Но я, например, знал, что, приезжая в Гатчину, Тройницкий советовался с Серафимой Николаевной, что можно взять из запасов и чуть «разрядить» китайскую галерею для удовлетворения требований Внешторга. Ну и что же тут позорного? Мы-то, работники пригородов, знали, что который год каждый квартал финорганы спускают во все дворцы план, на какую сумму надо выделить так называемых «госфондов» для продажи по весьма низким ценам всевозможных предметов царского обихода: сервизов, люстр, мебели, ковров – на внутреннее употребление, в основном конечно крупным советским чиновникам. И при этом никто не спрашивал, что об этом думают хранители.
Я много раз слышал, как шипели на Тройницкого, будто взялся чуть не за предательство. И мне было радостно, что Михаил Васильевич назвал его, не таясь, своим другом.
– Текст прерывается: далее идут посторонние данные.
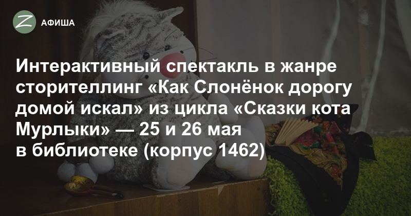 Интерактивный спектакль в жанре сторителлинг «Как Слонёнок дорогу домой искал» из цикла «Сказки кота Мурлыки» покажут в Библиотеке театра и кино №252 (корпус 1462) 25 и 26 мая в 11:00. Как известно, маленькие слонята — самые вежливые и послушные дети в Саванне. Потому и держатся во время прогулки хоботом за мамин хвост, чтобы не потеряться. Ведь найти дорогу домой малышам совсем не просто… Но что делать, если ты все-таки заблудился? Новый друг кота Мурлыки оказался храбрым, добрым и сообразительным Слонёнком, и благодаря помощи других смог отыскать дорогу домой. Как? Узнать можно от самого искусного рассказчика — кота Мурлыки! «Сказки кота Мурлыки» — это, прежде всего, игра, подкреплённая повествованием от лица разных персонажей. Рекомендуемый возраст зрителей — от 3 лет. Вход платный: 500 рублей для каждого посетителя старше двух лет.

Значит, верит ему и в новых обстоятельствах, не обвиняет огульно, как другие, в большинстве, я был уверен, с голоса Орбели.
А во-вторых, не скрою, мне было очень приятно, что через столько лет он, один из самых видных работников Эрмитажа, помнит мое имя.
Таково было наше знакомство с Михаилом Васильевичем, после которого несколько лет мы только раскланивались. Если не ошибаюсь, в 1938 году я услышал, что по представлению Эрмитажа о присвоении ученых степеней без защиты один Доброклонский по сумме напечатанных работ признан доктором искусствоведения. И меня это очень порадовало, он соответствовал моим представлениям о настоящем ученом. Хотя ни одной работы его я тогда еще не читал: все они были о западноевропейском искусстве, до которого я так и не дорос.
А когда ранней весной 1941 года тот отдел Музея этнографии, в котором я работал, влился в Эрмитаж, была образована комиссия по разбору всех наших собраний. Требовалось определить, что из них достойно включения в инвентарь Эрмитажа, а что выделяется в так называемый Музейный фонд, из которого черпали нужное им провинциальные музеи.
Мне довелось показывать живопись и рисунки М. В. Доброклонскому и В. Ф. Левинсон-Лессингу. Оба эти знатока почти всегда сходились во мнениях, без подсказки называя и русских авторов, но нередко огорчали меня, безоговорочно бракуя то, что мне казалось стоящим сохранения в Эрмитаже. Посмотрев на предмет, они роняли равнодушно: «Подражательно… Сухо и скучно… Слабый рисунок… Повторение такого-то…» И после этих оценок я, услышав их аргументы, в большинстве случаев не мог не признать их правоты. А иногда их слова как бы заново открывали мне сущность давно известного изображения. Так случилось, например, с двумя рисунками Куртейля, долго висевшими на выставке «Труд и быт крепостных», по которой я водил экскурсии в 1928–30-х годах. Это были оплечные портреты крепостных актрис. Одна из них была изображена, очевидно, в роли Клеопатры. Лицо, повернутое чистым фасом, волосы, разделенные над срединой лба двумя симметричными волнами, увенчаны диадемой, брови скорбно сведены, взгляд устремлен вверх, губы полураскрыты, будто произносят монолог. А в руке, близ груди, голова змеи, готовой ужалить. Другая изображена в три четверти с несколько поникшей головой в прическе по моде времён Директории. Опущенный взор, мягкие очертания как бы усталых черт.
Всмотревшись в них – я поставил их, наклеенных на картон, рядом, – Михаил Васильевич сказал, обойдясь без моей подсказки:
– Да это наш старый знакомый Куртейль! Приятные, выразительные рисунки, хотя слегка выцвели и зря покрыты лаком. Прочтите, пожалуйста, что у вас о них записано…
Я прочел строки из нашего инвентаря.
Подготовка к выставке в Эрмитаже. Справа М. В. Доброклонский. 1944 год. (Государственный Эрмитаж, Санкт-Петербург)
М. В. Доброклонский
– Все так, – сказал Владимир Францевич. – Только, по-моему, это не два различных лица, как у вас сказано, а одна и та же женщина. Одна в роли, другая в жизни, вне сцены.
– Пожалуй, – подтвердил Доброклонский. – Там хорошо выражен трагический пафос предстоящей тирады. А тут усталость, женственность и поникшая подневольность… Веришь, что эта бедняжка – крепостная…
И я увидел, что они правы, хотя два года выдавал эти рисунки за портреты двух различных лиц, и никто мне ни разу не возразил. Но черты лица и вправду были так схожи… Да, надо уметь видеть!